#### [Exercise directions]
Using the data that follows, give again word for word the lines between the one holding "미등기임원의 평균연봉은 4억 8400만원이고 직원수는 137명입니다." and the one holding "4. 导入后在订单管理中即可", inclusive. Omit the pictures.

#### [Given data]
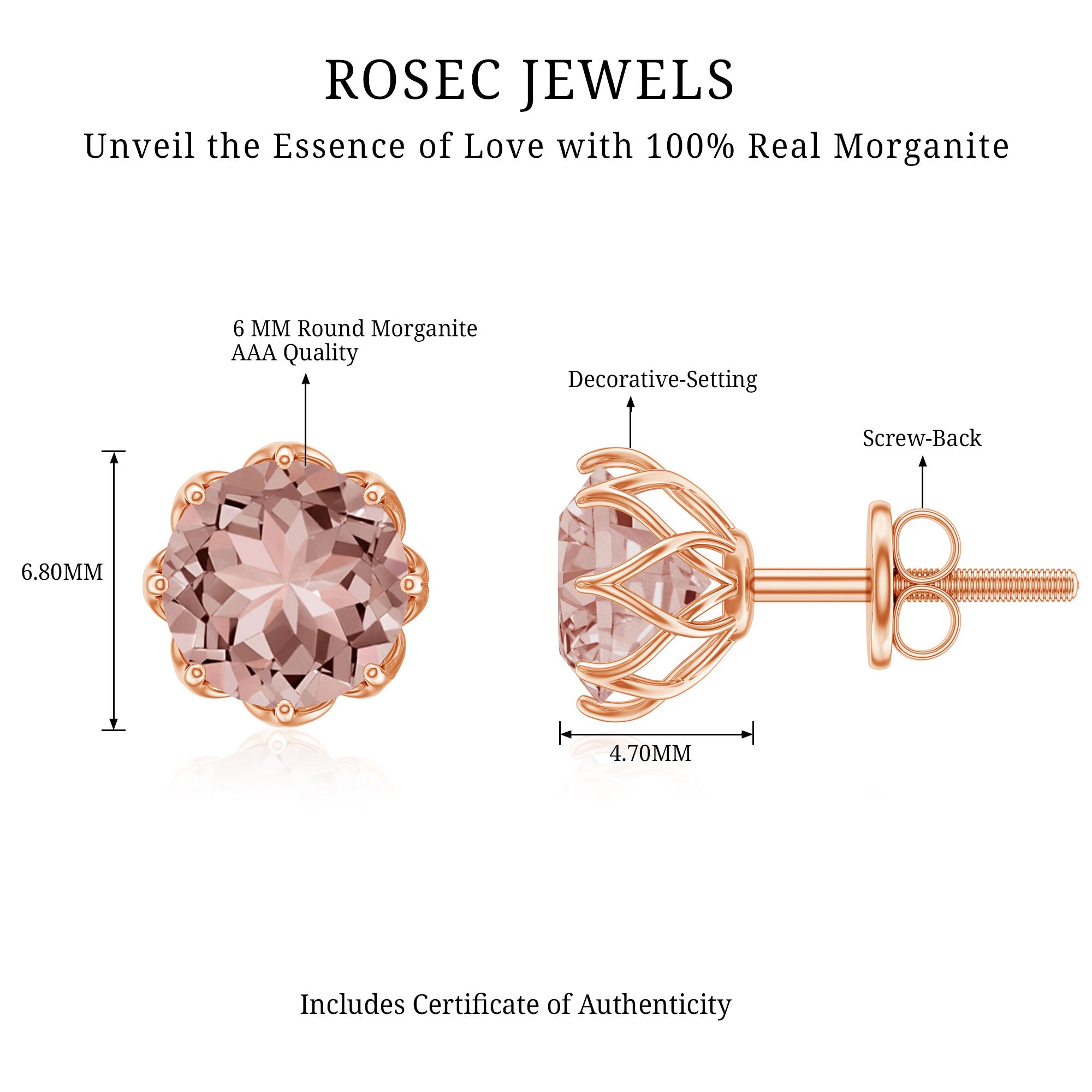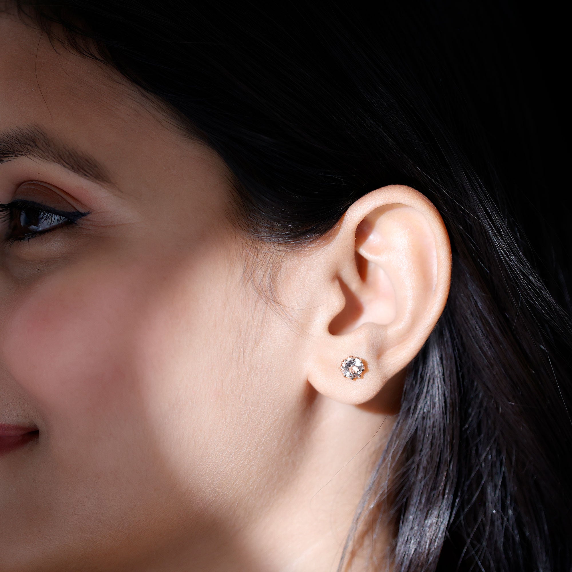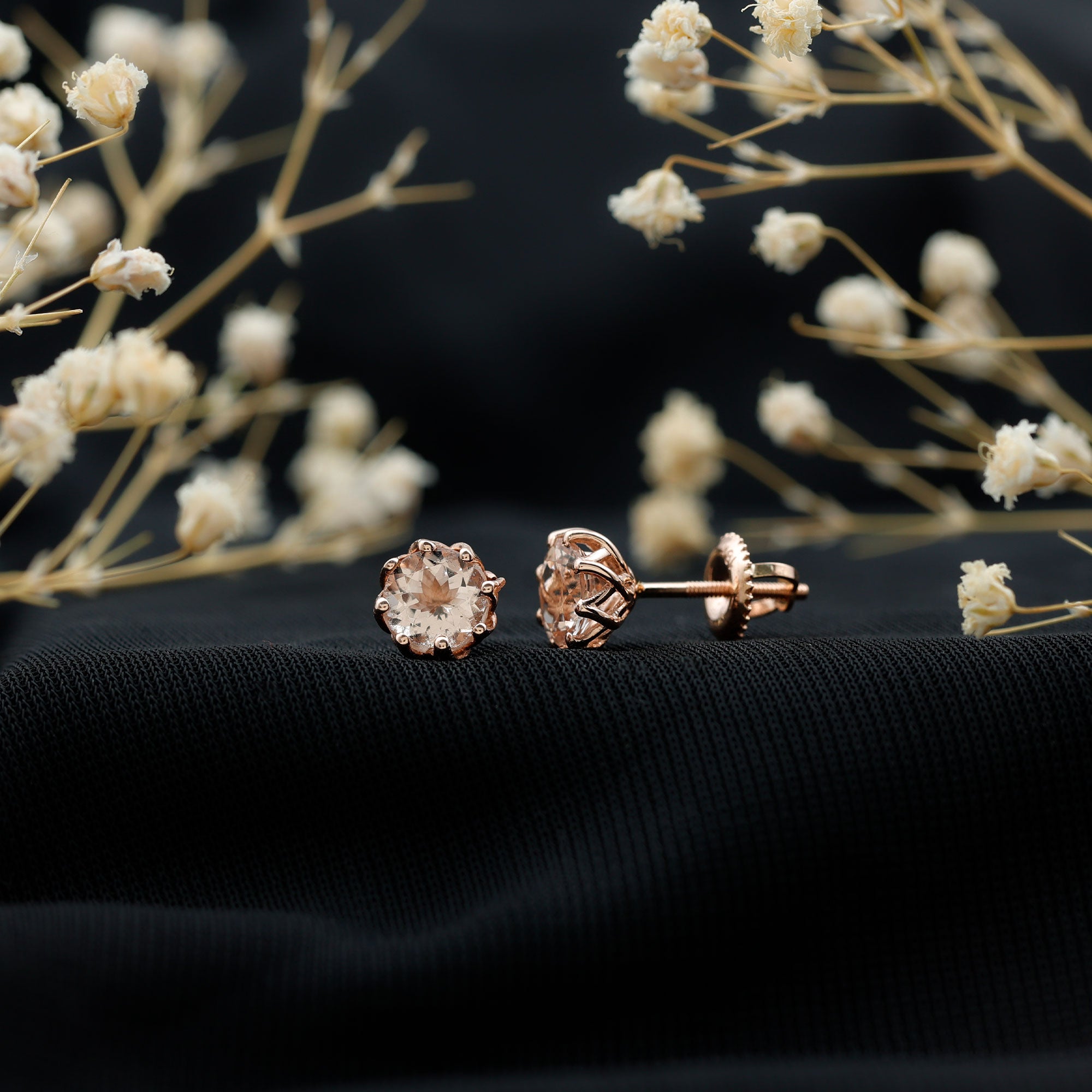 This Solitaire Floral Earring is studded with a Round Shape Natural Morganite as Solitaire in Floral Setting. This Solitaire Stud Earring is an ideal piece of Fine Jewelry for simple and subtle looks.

--

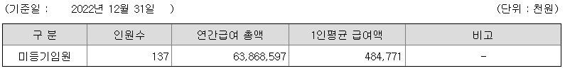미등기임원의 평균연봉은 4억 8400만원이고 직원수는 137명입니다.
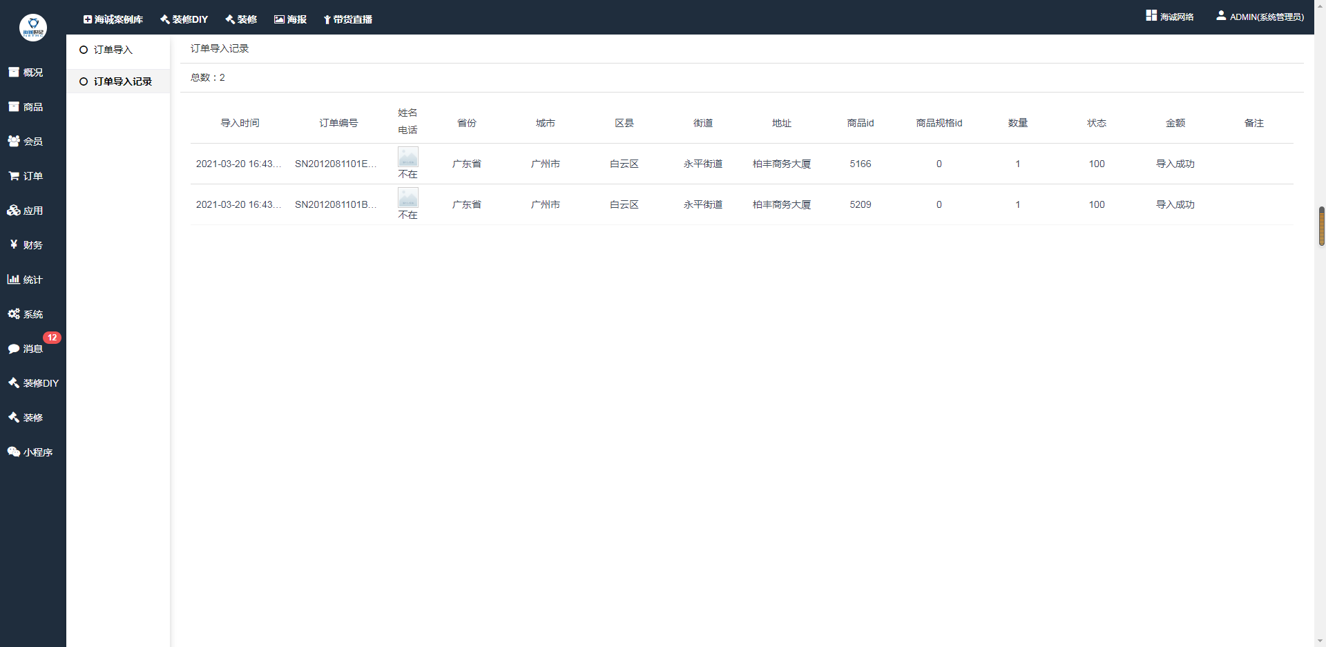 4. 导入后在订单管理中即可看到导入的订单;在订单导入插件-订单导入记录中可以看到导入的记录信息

--

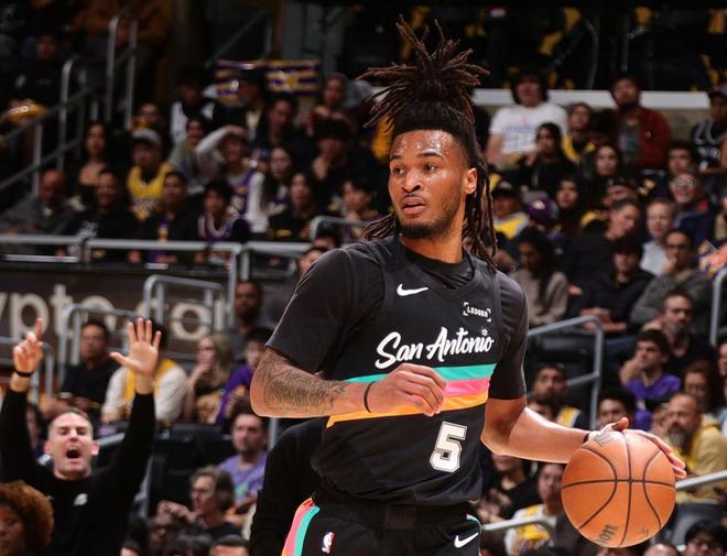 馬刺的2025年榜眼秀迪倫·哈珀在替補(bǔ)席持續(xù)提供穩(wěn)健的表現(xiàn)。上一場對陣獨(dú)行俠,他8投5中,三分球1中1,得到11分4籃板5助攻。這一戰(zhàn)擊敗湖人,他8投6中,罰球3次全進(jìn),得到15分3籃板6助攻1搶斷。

#### [Response]
미등기임원의 평균연봉은 4억 8400만원이고 직원수는 137명입니다.
 4. 导入后在订单管理中即可看到导入的订单;在订单导入插件-订单导入记录中可以看到导入的记录信息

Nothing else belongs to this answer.